Damages in Herniated Disc Cases
Compensation in these cases include:
- Initial medical evaluation and imaging costs
- Conservative treatment costs
- Interventional pain treatment
- Surgical costs (often substantial) including surgeon fees, hospital costs, anesthesia
- Future medical care
- Additional surgical costs
- Lost wages during recovery
- Reduced ability to work, particularly for jobs involving lifting, bending, or repetitive motion
- Pain and suffering
- Effects on family relationships
Special Damages Considerations
Future Medical Care
Continuing treatment is common. Life-care planners project lifetime medical needs.
Surgery Risk and Future Surgery
Probable future surgery are recoverable.
Diminished Earning Capacity
Vocational impact drives major economic damages.
Common Insurance Defenses
“It’s All Pre-Existing”
Defense’s primary argument. “This was already there”.

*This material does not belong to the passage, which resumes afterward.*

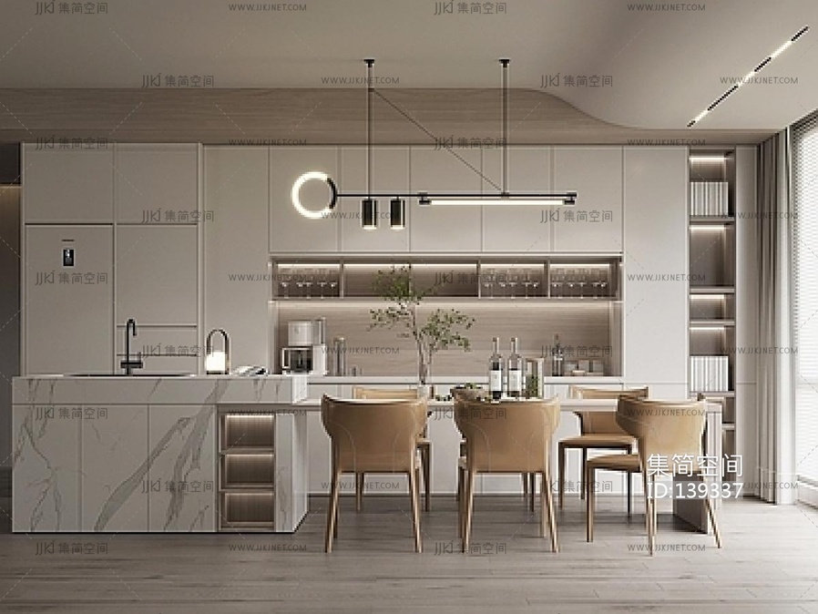 现代岛台餐厅 3d模型下载 [模型ID:139337]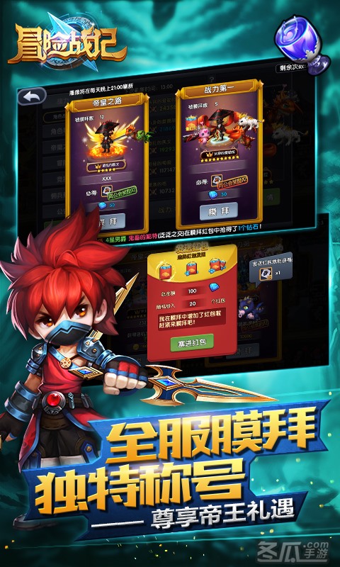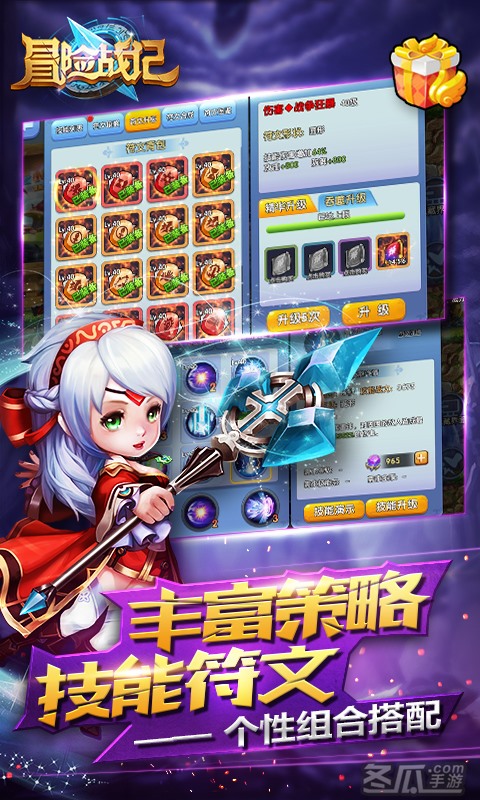 《冒险战纪》是一款横版过关冒险手游,在继承经典的冒险玩法和换装养成乐趣之余,加入了丰富多样的创新玩法,城头插旗留名的搞怪公会战,拥有个性称号和独特翅膀的荣耀体系,Q萌画风与炫酷战斗同时兼备!更有可爱萌宠伴你左右,一起踏上冒险之旅!

Defeating this defense requires:
- Establishing pre-accident asymptomatic status
- Medical expert opinion on causation
- Documentation of sudden symptom onset
- Eggshell plaintiff doctrine
“Improper Treatment”
Treatment compliance challenges.
“Surgery Wasn’t Necessary”
“You didn’t need that surgery”.
“Comparative Fault”
Defense pushes shared-fault arguments.
“Daubert Challenges to Medical Experts”
Expert qualification challenges.
Critical Steps After an Incident Causing Potential Disc Injury
Get Immediate Medical Attention
Same-day medical evaluation. Even modest symptoms require evaluation.
Document All Symptoms
Document every symptom. All symptom manifestations build the case foundation.
Follow Through With Treatment
Consistent treatment without gaps protects against treatment gap defenses.

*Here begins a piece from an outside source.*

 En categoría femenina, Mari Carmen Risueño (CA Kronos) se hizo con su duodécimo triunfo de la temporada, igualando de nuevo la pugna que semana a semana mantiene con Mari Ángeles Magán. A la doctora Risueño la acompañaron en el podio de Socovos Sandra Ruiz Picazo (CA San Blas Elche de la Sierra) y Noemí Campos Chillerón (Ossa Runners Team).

Get Imaging Studies as Needed
MRI is essential for serious disc cases.
Maintain Functional Capacity Documentation
Document how the injury affects daily activities and work illustrates ongoing impact.
Don’t Sign Releases Without Counsel
Carriers want quick resolution. The full damages picture takes time to emerge. Early settlement is rarely in your interest.
Attorney Costs
Counsel handling these cases charge no upfront fees. Specialty expertise costs reimbursed from the recovery.
Don’t Wait
Disc injuries develop over time. Comprehensive early documentation provides the best evidence. The legal time limit continues running. Engaging counsel right away positions the case for the substantial recovery serious disc injuries can produce.